Time was right for writing, and, after many years of research, The Saga Volume I was released in 1957. Bud put his efforts into the book’s distribution, often sitting at the fountain of Jay Shontz’s Drug Store in Tahoe City, autographing books. His favorite dedication was to “a young old-timer of Tahoe”. Saga Volume I was a success and encouraged by that, in 1973, Saga Volume II was produced.

The winter of 1951-1952 challenged everyone with its huge amounts of snow. Wintering in Carmel or Hawaii became more preferable. In the 1960s Bud built a home on Oahu and started his research for The Saga of the Sandwich Islands. Tahoe always remained home for summers.

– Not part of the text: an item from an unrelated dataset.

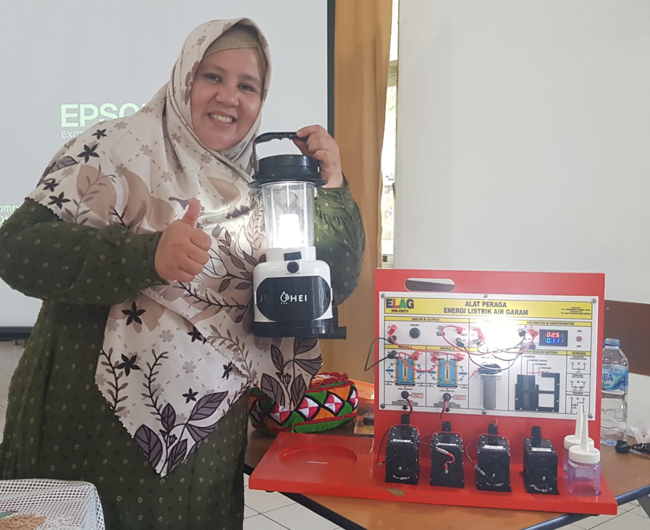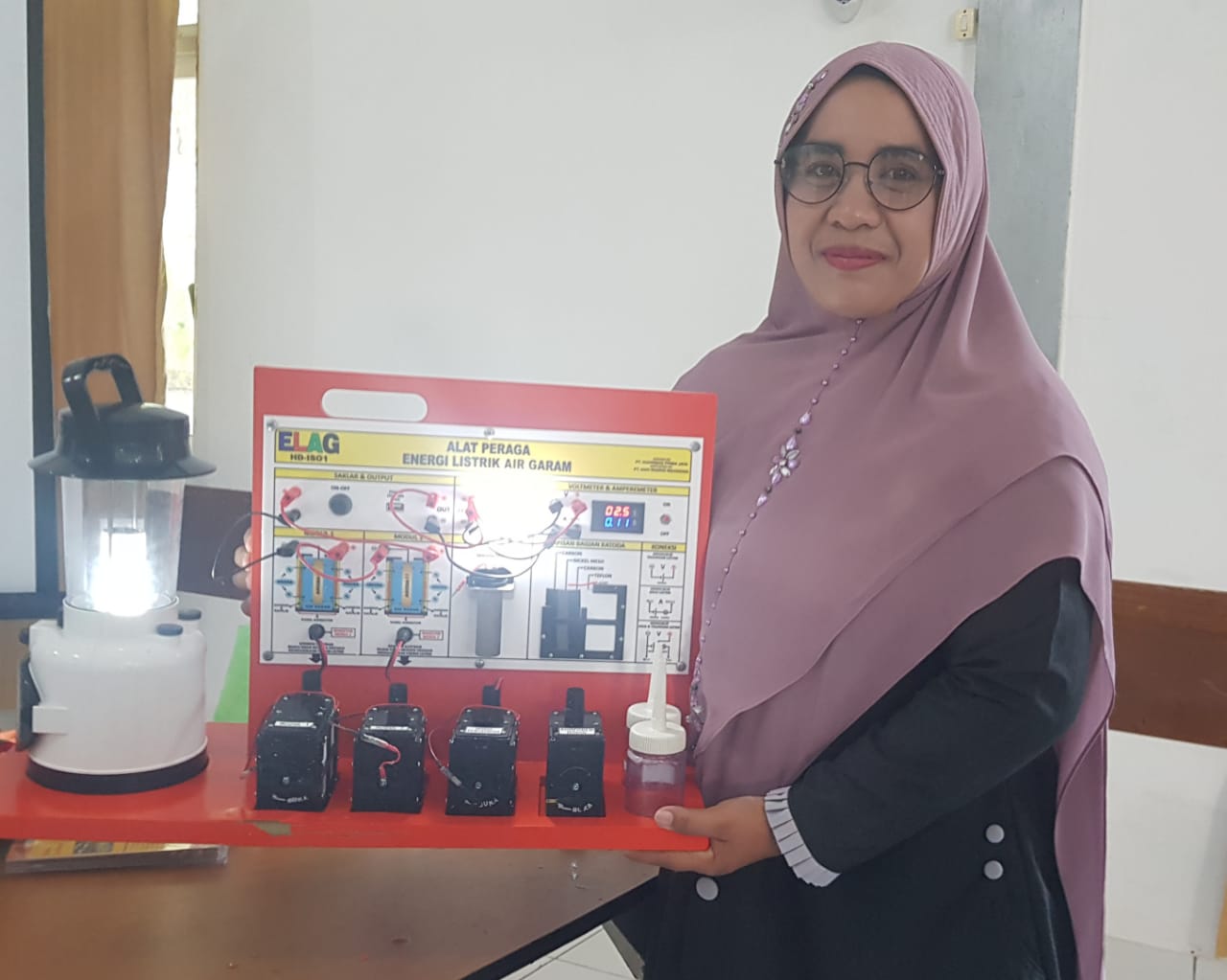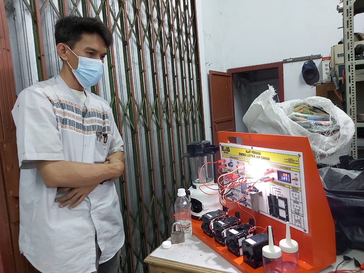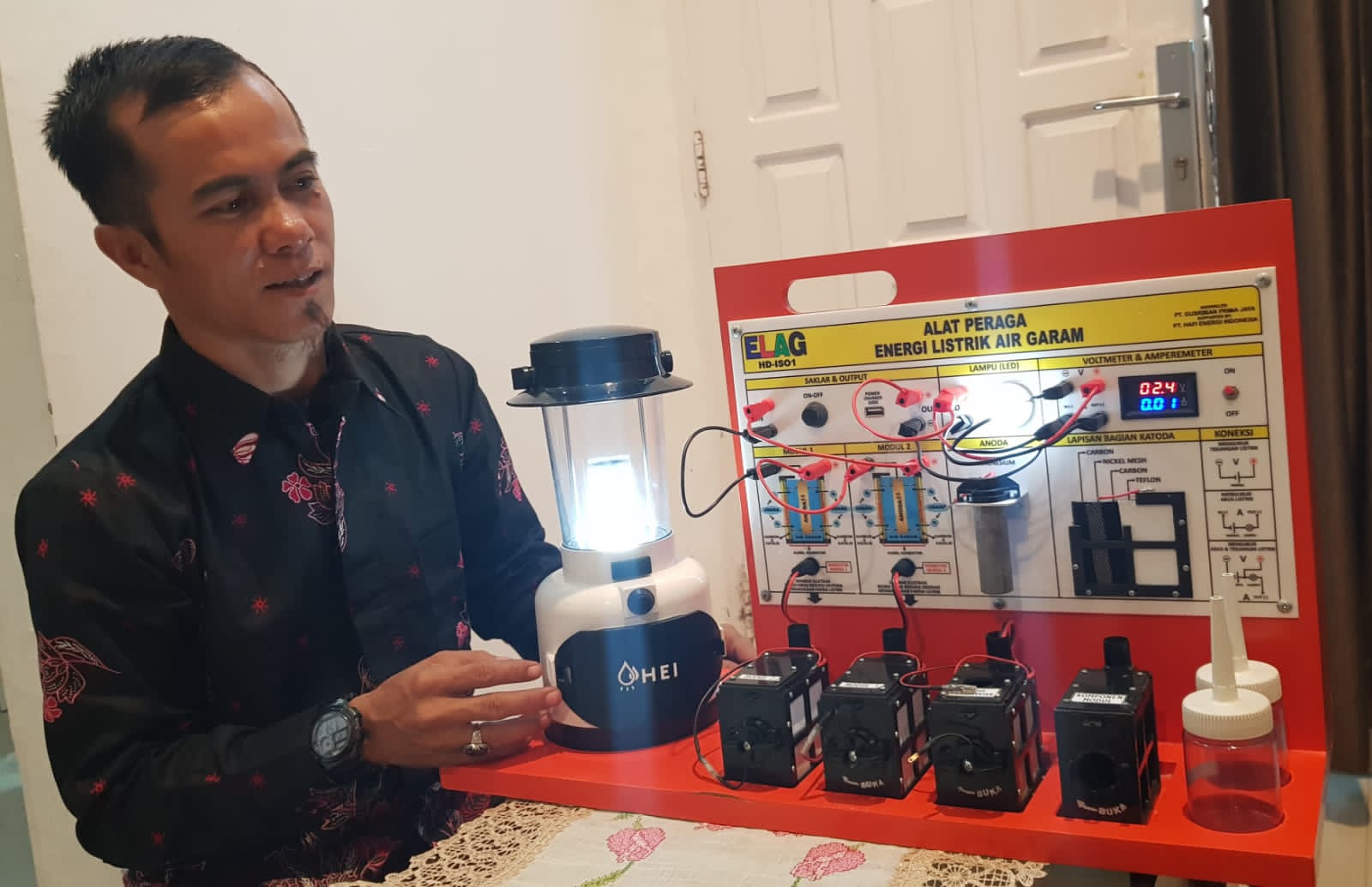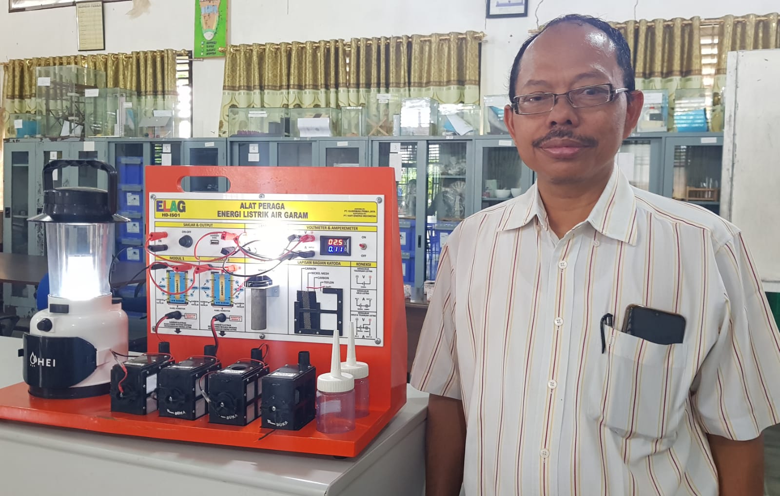 Guru SMKN 1 Rengas Dengklok Karawang Mendemonstrasikan Alat Peraga IPA, Energi Listrik dari Air Garam

THE SAGA OF LAKE TAHOE VOLUME I & VOLUME II
The Sagas of Lake Tahoe, which E.B. Scott so meticulously wrote, remain the most definitive documentation of the history and development of the Tahoe basin. His passion for writing and love of Tahoe history is obvious. It’s well-researched, documented and entertaining pages continue to enthrall readers and be a necessary resource for knowledge seekers and researchers. The collection of his works, notes and photos are in the Bancroft Library at the University of California, Berkeley. As son Ed “Skip” Scott proudly states, “Bud is truly the man who saved the history of Lake Tahoe”.
Bud Scott at his boat shop on the old Tahoe Tavern pier where he operated cruises, charters and taxi rides in the 1950s.
Memories from son, Ed Scott
Ed “Skip” Scott
When first asked what he loved about spending so much time at Tahoe, Skip, after thinking for a bit, spoke with a little “catch” in his throat, “It was just magical, a special time, every day was a new adventure! The local folks were a tight-knit group and the summer people helped out whenever they could, bringing an added measure of support to the whole community. Everyone looked out for one another. You were safe to walk around anywhere; all the way into Tahoe City; sit at the fountain at Jay Shortz’s Drug Store and nobody would bother you. At Christmas time we would all go down under Big Tree to celebrate—Santa would come—there were presents for all of the kids and plenty of good food. It was a wonderful time!”
“We stayed through the year a couple of times and I went to school with the local kids and made lots of good friends. I made my First Communion at Corpus Christi. Tahoe Tavern was the best place, really the “center of my universe”. My Dad rented part of the Tavern’s pier to keep his boats so, in the morning I went down there to wash the boats and at noon I would go up to the coffee shop to eat. I knew all of the employees, even Sam the Barber and his wife knew me; so did the theater manager. When I went to the movies there were bats flying around by the ceiling. It was a great place and there was lots to do.”
“We lived near Cedar Point and on some of those warm summer days, I would take Pepper, my dog, and we would walk through the woods down to the State Road. I’d take a bunch of Sugar Pine Cones and my money can and we would sit by the side of the road waiting for the tourists to drive by. Maybe only one car would come by every half hour but they would stop, and I would sell them some cones”
“It was a small community, about 320 local people. When I was younger and came back each summer to work at Sierra Boat, those special people were still around. I lived with Pat Bagan (General Manager of Sierra Boat) during the summer months and we had fun. Even at 18, I had a charge account at Sunnyside!”
“Thinking back, it was a really great experience growing up in that time—a great era. Sometimes, just sometimes when I’m lucky, I get a little glimpse of it somewhere, just enough to remind me of how it was."

Ed Scott sitting on Baby Skipalong showing her rare original Packard 1M-621 Gold Cup race engine.